Pointing to instances such as the advisor's persistent claims of nearly limitless executive power, she added: “They openly attack the courts by stating repeatedly that it is not a co-equal branch in the separation of powers.

“They persist in redefine the discussion by emphasizing their argument that the president has more power than this other co-equal branch, which is not how checks and balances work.”

The professor said: “Judges' sole safeguard is public trust in the legitimacy of their capacity to make those rulings.
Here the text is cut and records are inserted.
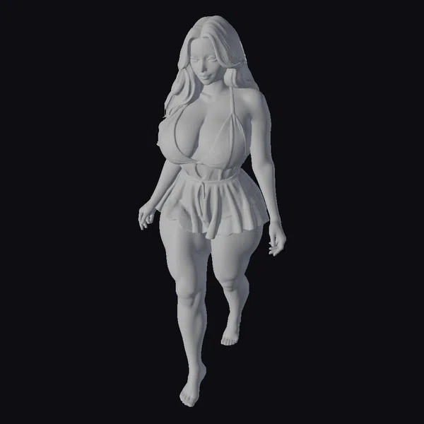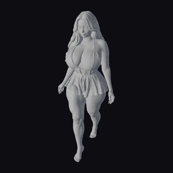 Gaze upon the captivating beauty of this 3D model, a woman dressed in a tantalizing purple lingerie set that showcases her curves. Her long, dark hair flows behind her, framing her face and complementing her bare feet as she takes a step forward. The model’s skin has a natural, realistic texture, and her facial features are delicately defined. The lingerie itself is a marvel of detail, with sheer fabrics and a design that accentuates her figure. This model is perfect for projects requiring a touch of elegance and allure, whether it’s for animation, game development, virtual reality experiences, or architectural visualization. Its realistic style ensures it will blend seamlessly into any environment, from fantasy realms to modern-day settings.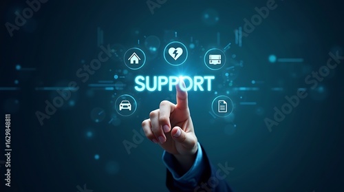 hand-touching-virtual-screen-with-support-service-icons-blue-background-text-support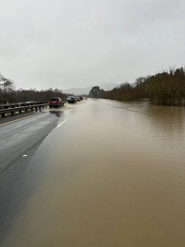 Hwy. 101 norte de Loleta poco antes de que cerraran. | Foto vía Caltrans.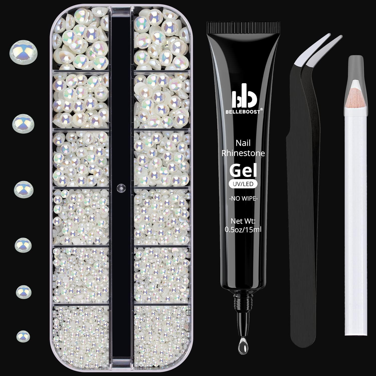 - 💎WHAT YOU WILL RECEIVE: This package contains 1 pc of 15ml tube design NO WIPE rhinestone gel glue; 1 box of flat back beige AB half round pearls; 1 pc of picker pencil and 1 pc of tweezer. This set helps you decorate your nails more conveniently.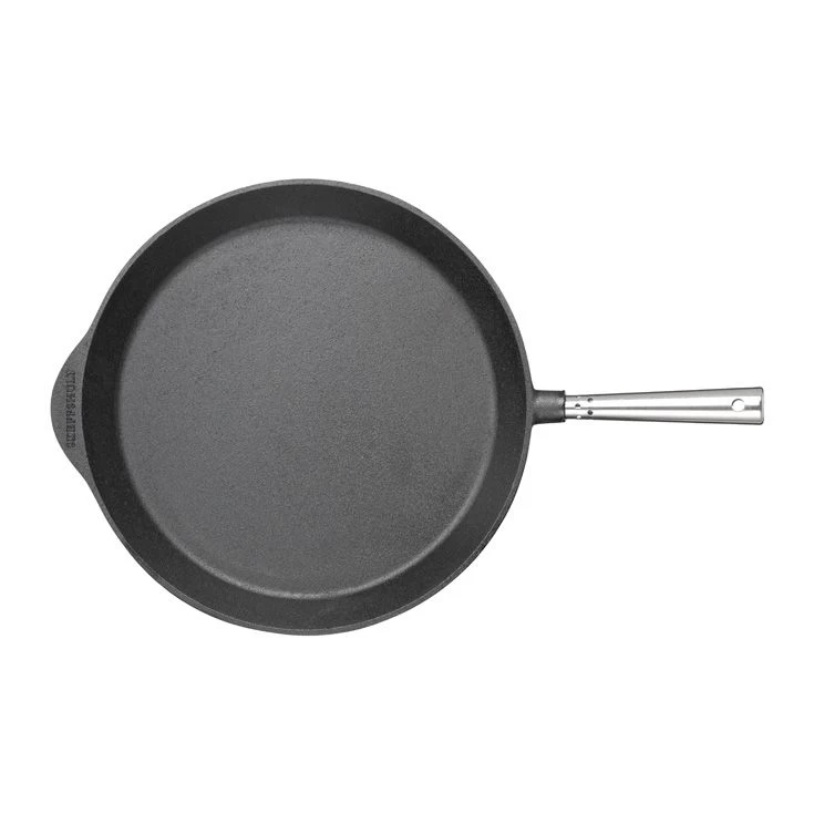 Grâce à ses bords inclinés, elle permet de faire sauter, cuire ou saisir à point viandes ou légumes avec une grande facilité. Sa grande taille est vraiment parfaite pour y faire tous types de préparations. Des omelettes, de la viande, du poisson, des grandes crêpes ou galettes
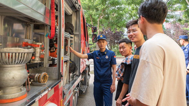 实操结束后,师生们进行了消防装备体验,并参观了消防车辆,听消防指战员讲解车载设备的使用功能。最后,在场师生员工与消防指战员合影留念。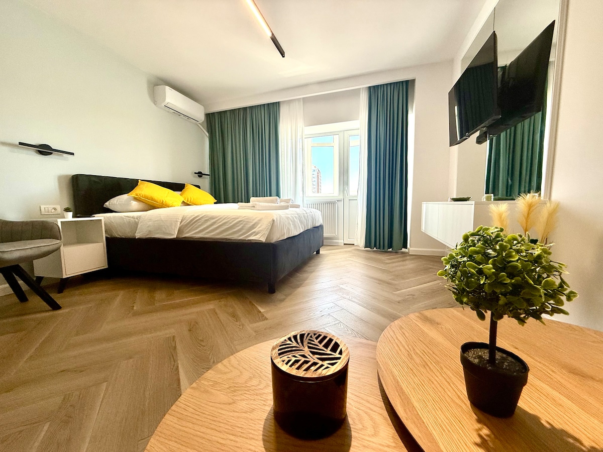 Spacious luxury 40 sqm studio in the heart of Bucharest, just steps from Old Town Bucharest. Recently renovated, the apartment features elegant decor, a comfortable queen-size bed (180×200 cm), a stylish sofa, a cozy balcony, a large fully equipped kitchen and a spacious bathroom with rain shower. Hosted by a Superhost with over 7 years of experience. Metro right next to the building. Coffee shop, cake shop, mini markets, fast food, ATM and currency exchange on the ground floor.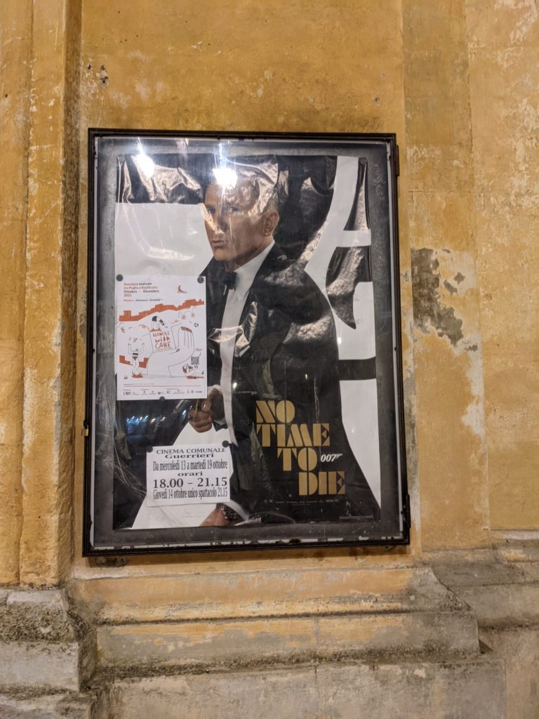 Part of the new James Bond movie was filmed in Matera. It was playing at local theaters but we didn’t see it.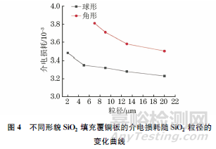 介電常數(shù)是指物質(zhì)保持電荷的能力;保持電荷能力越強(qiáng),極化程度越高,介電常數(shù)越大。由圖3可見:在5GHz下,角形和球形SiO2填充覆銅板的介電常數(shù)均隨著SiO2粒徑的增大而減小,這是因?yàn)殡S著粒徑增大,比表面積減小,單位體積內(nèi)的界面面積減小,界面極化作用減弱,極化程度降低,在外電場(chǎng)作用下保持電荷能力減弱,所以介電常數(shù)減??;角形SiO2填充覆銅板的介電常數(shù)比球形SiO2填充覆銅板要高,這是因?yàn)榻切晤w粒形狀不規(guī)則,在覆銅板中分布易雜亂,導(dǎo)致界面比例升高,產(chǎn)生更高程度的界面極化,所以介電常數(shù)增大。

Individual threats on top of eroding trust in courts may make judges hesitate about judgments that go against the current administration, which is, of course, massively problematic for court oversight and for democracy.”

Intimidation Tactics

Kim Lane Scheppele, academic of sociology and global studies at Princeton University, has documented the use of “authoritarian law” by the such as Orbán and Putin, and has warned about rising threats to judges in the US.

She pointed to a wave of termed “harassment deliveries” recently, in which judges have received unwanted food orders with the recipient listed as a name, the child of Justice Salas, who was murdered at the judge’s home in several years ago by a gunman aiming at Salas.

“Everyone knows what it means. ‘We know where you live. You are a target,’” the professor said.

“Federal judges are protected by the presidential protection and the Marshals Service. And those are both dedicated police units that sit structurally inside the Department of Justice. And the former AG has been spearheading the criticism on justices.”

Government Goals

Regarding the government's aims, the expert said that “impeaching a US justice is almost certainly not going to happen because it’s very difficult to do. {Right now|Currently

Erica Dickson
Erica Dickson

Elara is a digital artist and designer passionate about blending technology with creativity to inspire others.